[Data for this task]

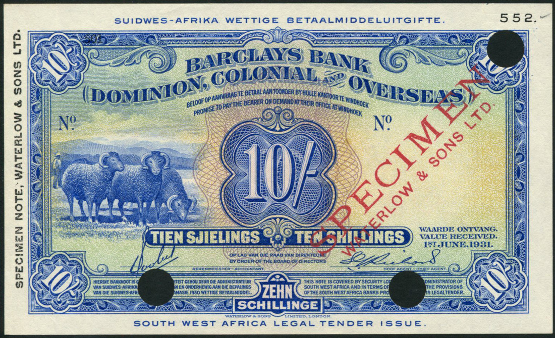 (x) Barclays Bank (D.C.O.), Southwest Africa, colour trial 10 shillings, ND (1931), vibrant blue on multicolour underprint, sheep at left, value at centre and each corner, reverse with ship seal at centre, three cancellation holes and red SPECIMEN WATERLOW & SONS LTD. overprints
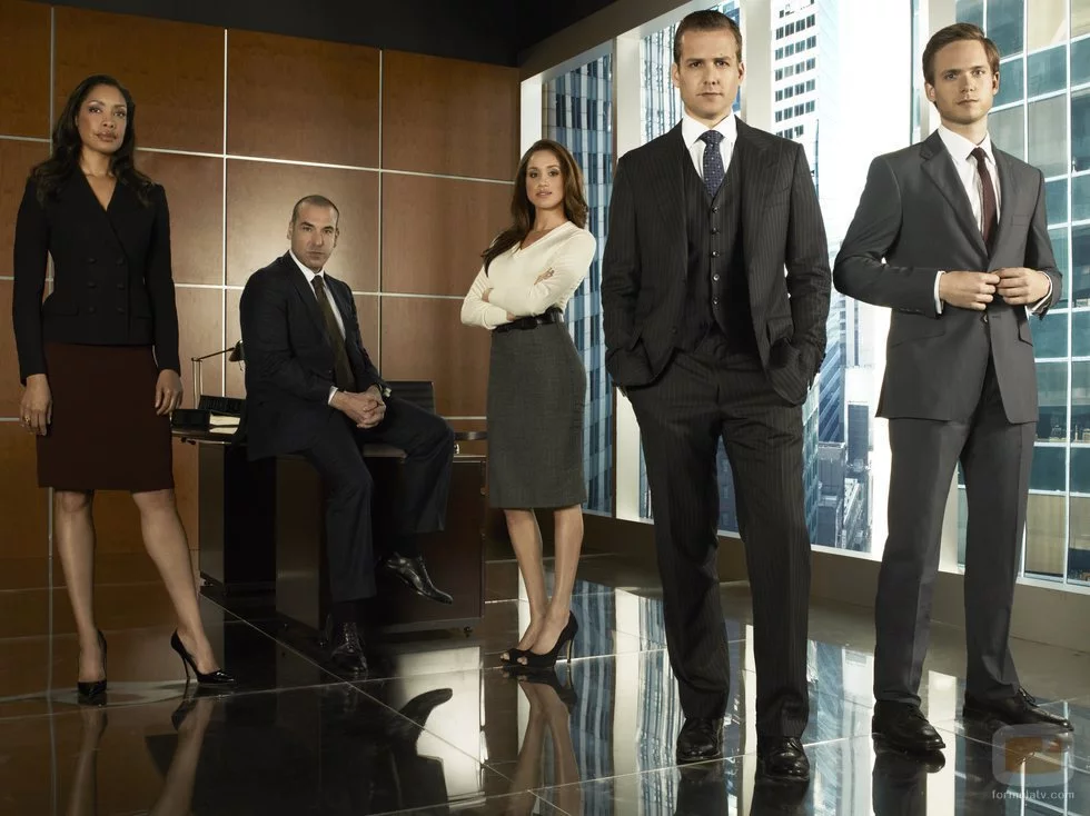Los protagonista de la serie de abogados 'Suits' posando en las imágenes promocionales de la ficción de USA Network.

[/Data for this task]
[Data for this task]

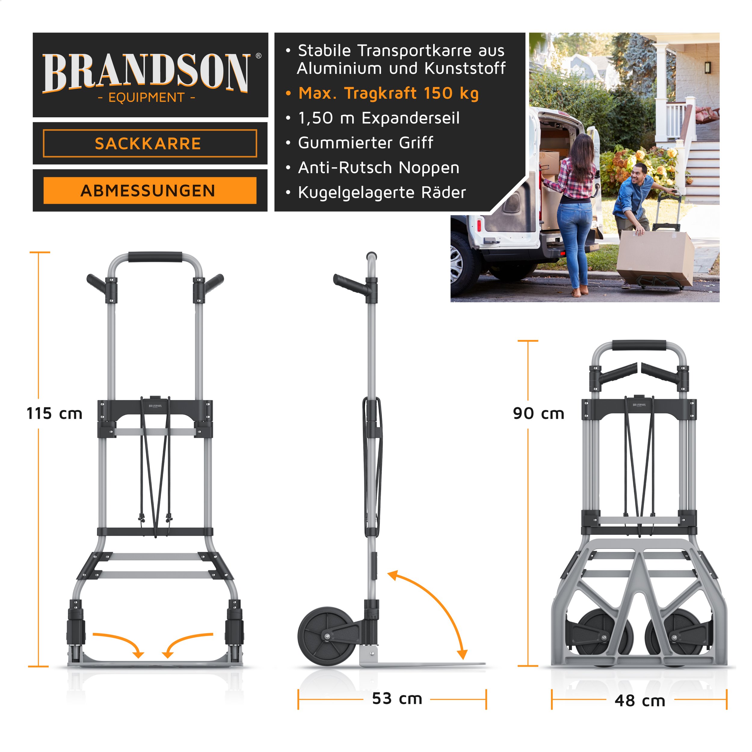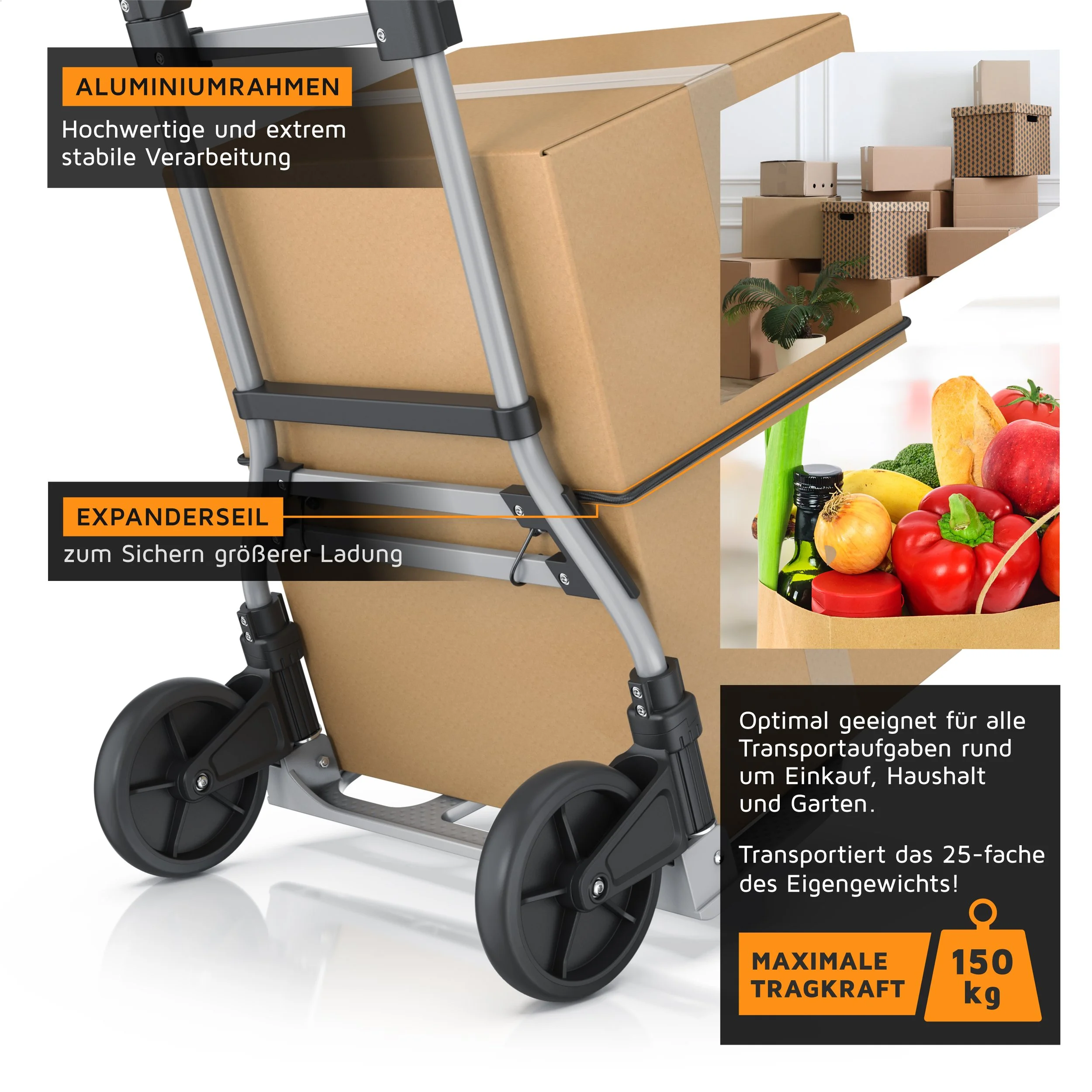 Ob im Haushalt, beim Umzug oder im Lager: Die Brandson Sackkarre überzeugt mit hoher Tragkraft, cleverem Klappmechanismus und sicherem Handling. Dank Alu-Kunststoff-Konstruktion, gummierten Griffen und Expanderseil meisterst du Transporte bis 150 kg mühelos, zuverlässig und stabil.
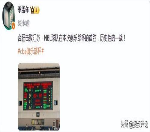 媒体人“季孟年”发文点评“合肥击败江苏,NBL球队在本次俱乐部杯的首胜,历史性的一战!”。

[/Data for this task]
[Data for this task]

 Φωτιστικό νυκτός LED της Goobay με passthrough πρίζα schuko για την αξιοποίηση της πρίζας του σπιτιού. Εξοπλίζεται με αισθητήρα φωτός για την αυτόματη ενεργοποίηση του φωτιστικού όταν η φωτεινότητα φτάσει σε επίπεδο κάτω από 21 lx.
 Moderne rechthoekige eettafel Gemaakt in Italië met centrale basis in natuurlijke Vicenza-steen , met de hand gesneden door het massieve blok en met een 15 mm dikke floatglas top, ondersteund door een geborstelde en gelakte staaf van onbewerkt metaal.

[/Data for this task]

Going by the entries above, repeat exactly the lines that start at the line with "(x) Barclays Bank" and go on through the line with "Los protagonista de". Pictures are not part of the copy.

 (x) Barclays Bank (D.C.O.), Southwest Africa, colour trial 10 shillings, ND (1931), vibrant blue on multicolour underprint, sheep at left, value at centre and each corner, reverse with ship seal at centre, three cancellation holes and red SPECIMEN WATERLOW & SONS LTD. overprints
Los protagonista de la serie de abogados 'Suits' posando en las imágenes promocionales de la ficción de USA Network.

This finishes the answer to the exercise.